> DATASET CONTENT:
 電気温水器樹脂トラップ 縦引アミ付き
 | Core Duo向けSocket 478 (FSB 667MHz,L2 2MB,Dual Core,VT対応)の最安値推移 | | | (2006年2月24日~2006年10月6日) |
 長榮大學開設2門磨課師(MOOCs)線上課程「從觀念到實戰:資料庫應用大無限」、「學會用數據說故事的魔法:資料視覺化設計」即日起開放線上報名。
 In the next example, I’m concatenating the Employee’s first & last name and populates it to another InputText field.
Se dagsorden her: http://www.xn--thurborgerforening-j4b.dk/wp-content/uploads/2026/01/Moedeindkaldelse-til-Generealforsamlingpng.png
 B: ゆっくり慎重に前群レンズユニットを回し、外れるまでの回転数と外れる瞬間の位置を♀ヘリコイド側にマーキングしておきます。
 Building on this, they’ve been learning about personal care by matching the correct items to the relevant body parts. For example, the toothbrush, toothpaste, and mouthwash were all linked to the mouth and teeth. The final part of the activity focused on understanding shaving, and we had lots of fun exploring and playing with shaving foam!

---

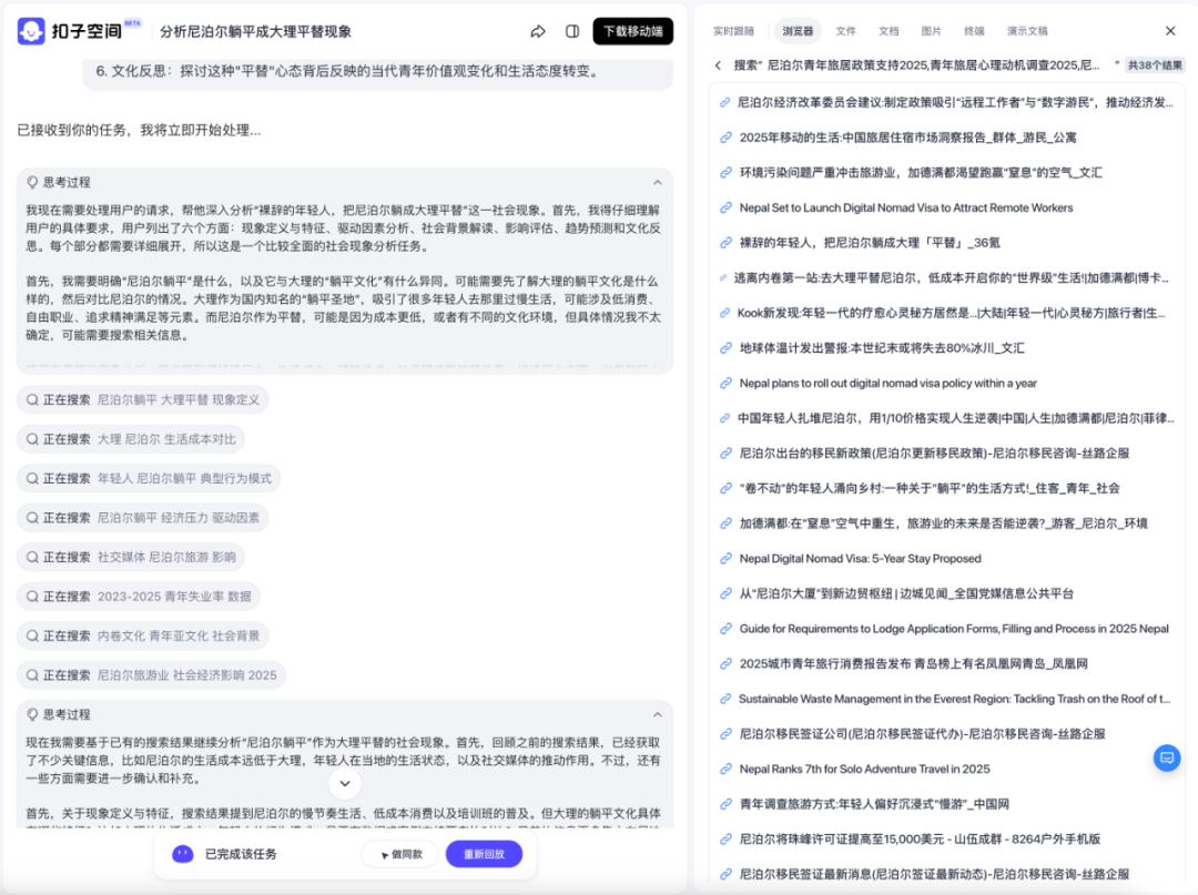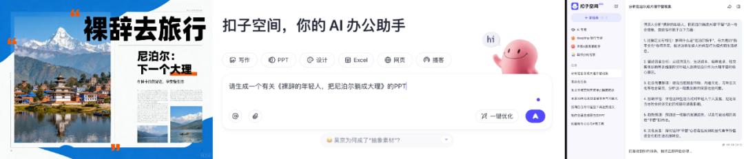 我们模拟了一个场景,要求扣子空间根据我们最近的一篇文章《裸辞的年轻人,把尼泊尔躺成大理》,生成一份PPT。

--

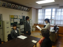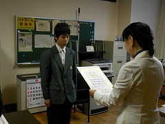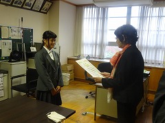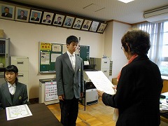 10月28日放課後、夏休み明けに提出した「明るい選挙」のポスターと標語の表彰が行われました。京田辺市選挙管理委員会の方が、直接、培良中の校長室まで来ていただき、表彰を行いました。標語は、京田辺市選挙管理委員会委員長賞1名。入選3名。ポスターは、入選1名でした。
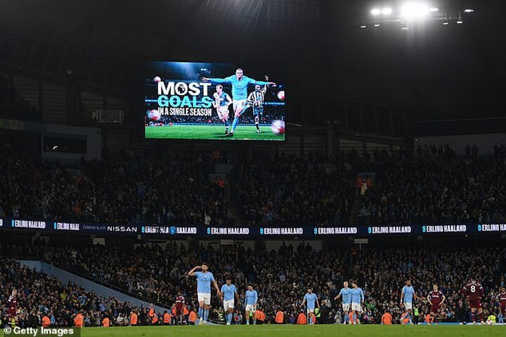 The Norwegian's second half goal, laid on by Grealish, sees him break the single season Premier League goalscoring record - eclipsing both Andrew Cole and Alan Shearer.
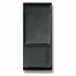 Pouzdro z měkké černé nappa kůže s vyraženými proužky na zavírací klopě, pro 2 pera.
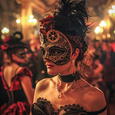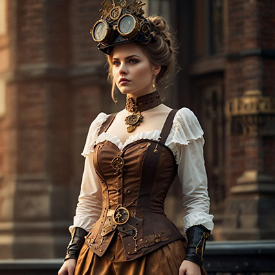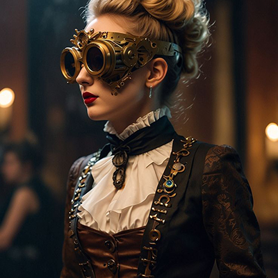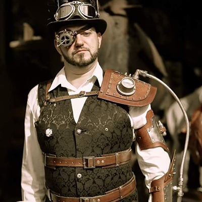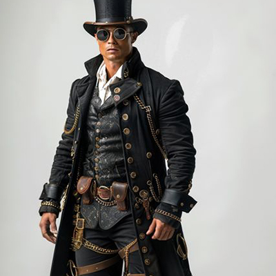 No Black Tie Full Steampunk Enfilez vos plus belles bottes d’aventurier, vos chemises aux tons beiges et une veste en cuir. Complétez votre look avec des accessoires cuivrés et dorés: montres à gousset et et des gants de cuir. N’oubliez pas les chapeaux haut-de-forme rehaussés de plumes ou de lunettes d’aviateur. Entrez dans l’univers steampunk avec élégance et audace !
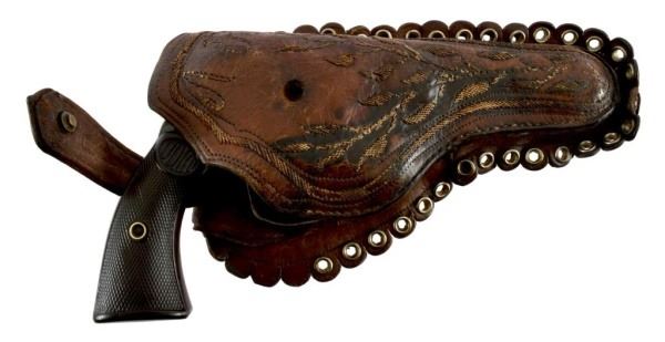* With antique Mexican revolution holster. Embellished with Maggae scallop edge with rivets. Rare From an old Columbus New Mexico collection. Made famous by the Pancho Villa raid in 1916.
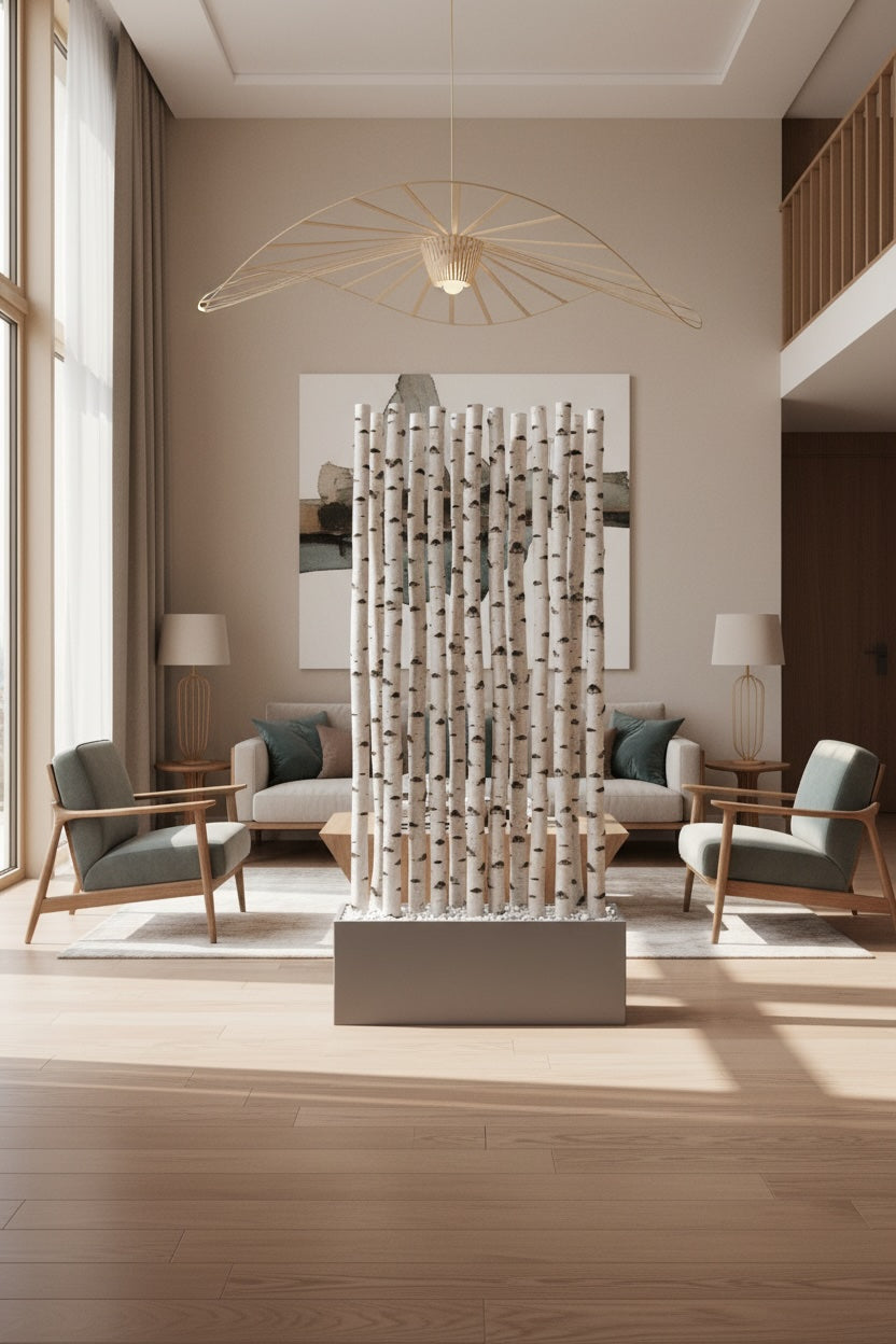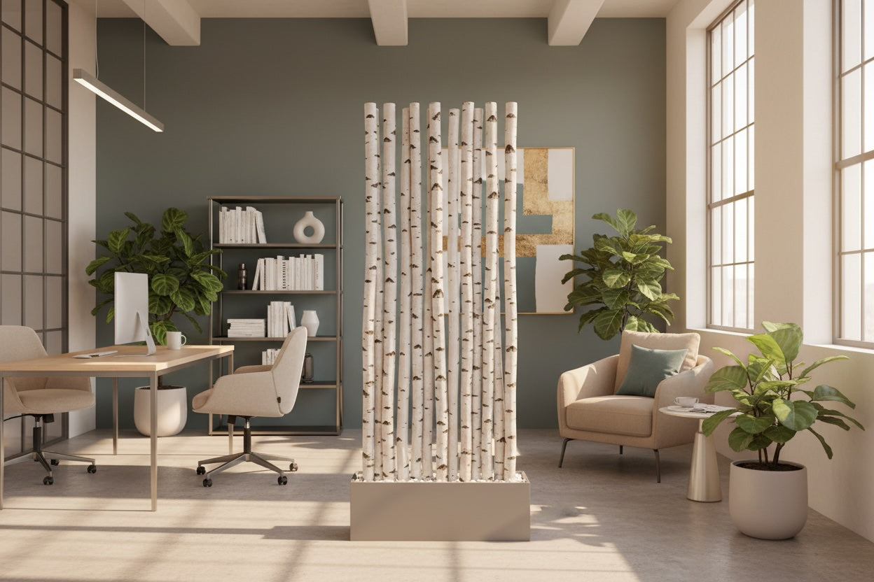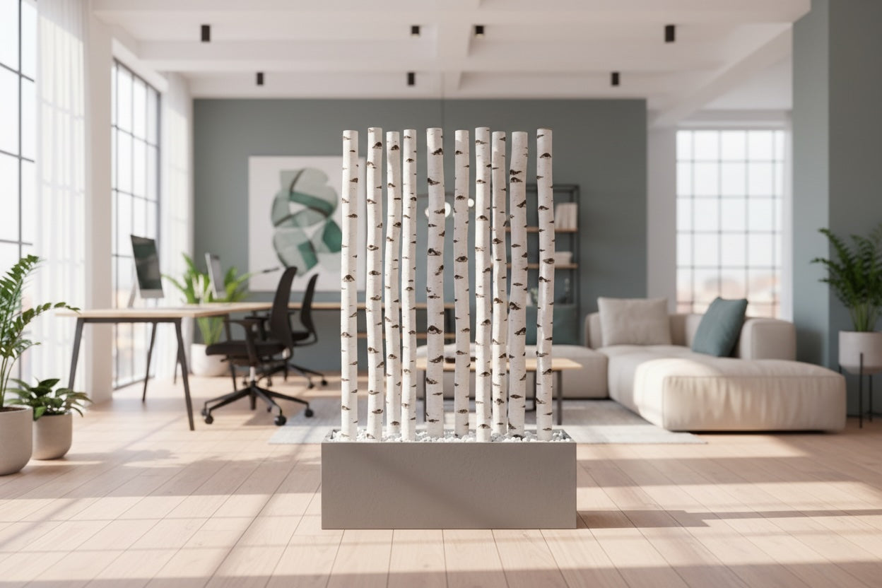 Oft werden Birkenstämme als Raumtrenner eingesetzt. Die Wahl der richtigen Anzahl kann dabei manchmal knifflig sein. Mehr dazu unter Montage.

> DESCRIPTION OF THE TASK: Copy only what lies between the line with "The Norwegian's second" and the line with "Oft werden Birkenstämme", those two lines included, exactly as given above; pictures stay out.

> RESPONSE TO THE TASK:
 The Norwegian's second half goal, laid on by Grealish, sees him break the single season Premier League goalscoring record - eclipsing both Andrew Cole and Alan Shearer.
 Pouzdro z měkké černé nappa kůže s vyraženými proužky na zavírací klopě, pro 2 pera.
 No Black Tie Full Steampunk Enfilez vos plus belles bottes d’aventurier, vos chemises aux tons beiges et une veste en cuir. Complétez votre look avec des accessoires cuivrés et dorés: montres à gousset et et des gants de cuir. N’oubliez pas les chapeaux haut-de-forme rehaussés de plumes ou de lunettes d’aviateur. Entrez dans l’univers steampunk avec élégance et audace !
* With antique Mexican revolution holster. Embellished with Maggae scallop edge with rivets. Rare From an old Columbus New Mexico collection. Made famous by the Pancho Villa raid in 1916.
 Oft werden Birkenstämme als Raumtrenner eingesetzt. Die Wahl der richtigen Anzahl kann dabei manchmal knifflig sein. Mehr dazu unter Montage.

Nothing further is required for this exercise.